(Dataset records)
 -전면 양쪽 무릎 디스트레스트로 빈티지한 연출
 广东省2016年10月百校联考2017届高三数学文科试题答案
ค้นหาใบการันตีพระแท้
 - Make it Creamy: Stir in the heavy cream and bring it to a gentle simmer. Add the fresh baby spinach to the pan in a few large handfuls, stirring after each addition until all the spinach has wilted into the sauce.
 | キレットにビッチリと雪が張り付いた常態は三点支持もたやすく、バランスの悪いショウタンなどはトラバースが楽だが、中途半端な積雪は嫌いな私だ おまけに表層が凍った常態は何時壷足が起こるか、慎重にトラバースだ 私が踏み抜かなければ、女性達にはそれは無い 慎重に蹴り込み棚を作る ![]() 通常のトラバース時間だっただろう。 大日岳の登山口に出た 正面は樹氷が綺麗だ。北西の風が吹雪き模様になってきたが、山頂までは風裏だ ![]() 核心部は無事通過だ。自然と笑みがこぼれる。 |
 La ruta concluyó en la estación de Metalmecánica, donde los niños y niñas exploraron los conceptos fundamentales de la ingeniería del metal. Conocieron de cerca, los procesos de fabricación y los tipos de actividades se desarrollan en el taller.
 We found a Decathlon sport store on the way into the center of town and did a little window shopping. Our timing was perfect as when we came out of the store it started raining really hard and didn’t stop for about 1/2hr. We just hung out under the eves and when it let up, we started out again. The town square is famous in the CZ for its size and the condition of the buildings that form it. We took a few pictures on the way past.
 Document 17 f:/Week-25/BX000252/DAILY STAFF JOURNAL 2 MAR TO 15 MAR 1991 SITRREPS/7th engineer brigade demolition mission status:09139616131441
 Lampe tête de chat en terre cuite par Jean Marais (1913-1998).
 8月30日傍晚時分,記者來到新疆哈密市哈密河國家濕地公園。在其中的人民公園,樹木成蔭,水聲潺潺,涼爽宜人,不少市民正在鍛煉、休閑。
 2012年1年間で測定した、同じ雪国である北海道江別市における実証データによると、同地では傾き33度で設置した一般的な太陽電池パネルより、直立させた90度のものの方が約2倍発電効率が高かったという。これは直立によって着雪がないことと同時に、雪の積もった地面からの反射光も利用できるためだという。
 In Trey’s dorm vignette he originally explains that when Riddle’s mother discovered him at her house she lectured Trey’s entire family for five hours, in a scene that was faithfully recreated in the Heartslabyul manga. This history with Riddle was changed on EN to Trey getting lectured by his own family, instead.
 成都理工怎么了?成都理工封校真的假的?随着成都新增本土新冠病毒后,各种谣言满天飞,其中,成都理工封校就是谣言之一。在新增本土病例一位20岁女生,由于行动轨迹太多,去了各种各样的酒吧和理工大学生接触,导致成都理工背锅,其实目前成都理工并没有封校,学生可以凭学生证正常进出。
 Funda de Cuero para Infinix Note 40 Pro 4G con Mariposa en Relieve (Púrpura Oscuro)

**WHAT YOU NEED TO DO**: Restate the data word for word, leaving nothing out.

**RESULT**:
 -전면 양쪽 무릎 디스트레스트로 빈티지한 연출
 广东省2016年10月百校联考2017届高三数学文科试题答案
ค้นหาใบการันตีพระแท้
 - Make it Creamy: Stir in the heavy cream and bring it to a gentle simmer. Add the fresh baby spinach to the pan in a few large handfuls, stirring after each addition until all the spinach has wilted into the sauce.
 | キレットにビッチリと雪が張り付いた常態は三点支持もたやすく、バランスの悪いショウタンなどはトラバースが楽だが、中途半端な積雪は嫌いな私だ おまけに表層が凍った常態は何時壷足が起こるか、慎重にトラバースだ 私が踏み抜かなければ、女性達にはそれは無い 慎重に蹴り込み棚を作る ![]() 通常のトラバース時間だっただろう。 大日岳の登山口に出た 正面は樹氷が綺麗だ。北西の風が吹雪き模様になってきたが、山頂までは風裏だ ![]() 核心部は無事通過だ。自然と笑みがこぼれる。 |
 La ruta concluyó en la estación de Metalmecánica, donde los niños y niñas exploraron los conceptos fundamentales de la ingeniería del metal. Conocieron de cerca, los procesos de fabricación y los tipos de actividades se desarrollan en el taller.
 We found a Decathlon sport store on the way into the center of town and did a little window shopping. Our timing was perfect as when we came out of the store it started raining really hard and didn’t stop for about 1/2hr. We just hung out under the eves and when it let up, we started out again. The town square is famous in the CZ for its size and the condition of the buildings that form it. We took a few pictures on the way past.
 Document 17 f:/Week-25/BX000252/DAILY STAFF JOURNAL 2 MAR TO 15 MAR 1991 SITRREPS/7th engineer brigade demolition mission status:09139616131441
 Lampe tête de chat en terre cuite par Jean Marais (1913-1998).
 8月30日傍晚時分,記者來到新疆哈密市哈密河國家濕地公園。在其中的人民公園,樹木成蔭,水聲潺潺,涼爽宜人,不少市民正在鍛煉、休閑。
 2012年1年間で測定した、同じ雪国である北海道江別市における実証データによると、同地では傾き33度で設置した一般的な太陽電池パネルより、直立させた90度のものの方が約2倍発電効率が高かったという。これは直立によって着雪がないことと同時に、雪の積もった地面からの反射光も利用できるためだという。
 In Trey’s dorm vignette he originally explains that when Riddle’s mother discovered him at her house she lectured Trey’s entire family for five hours, in a scene that was faithfully recreated in the Heartslabyul manga. This history with Riddle was changed on EN to Trey getting lectured by his own family, instead.
 成都理工怎么了?成都理工封校真的假的?随着成都新增本土新冠病毒后,各种谣言满天飞,其中,成都理工封校就是谣言之一。在新增本土病例一位20岁女生,由于行动轨迹太多,去了各种各样的酒吧和理工大学生接触,导致成都理工背锅,其实目前成都理工并没有封校,学生可以凭学生证正常进出。
 Funda de Cuero para Infinix Note 40 Pro 4G con Mariposa en Relieve (Púrpura Oscuro)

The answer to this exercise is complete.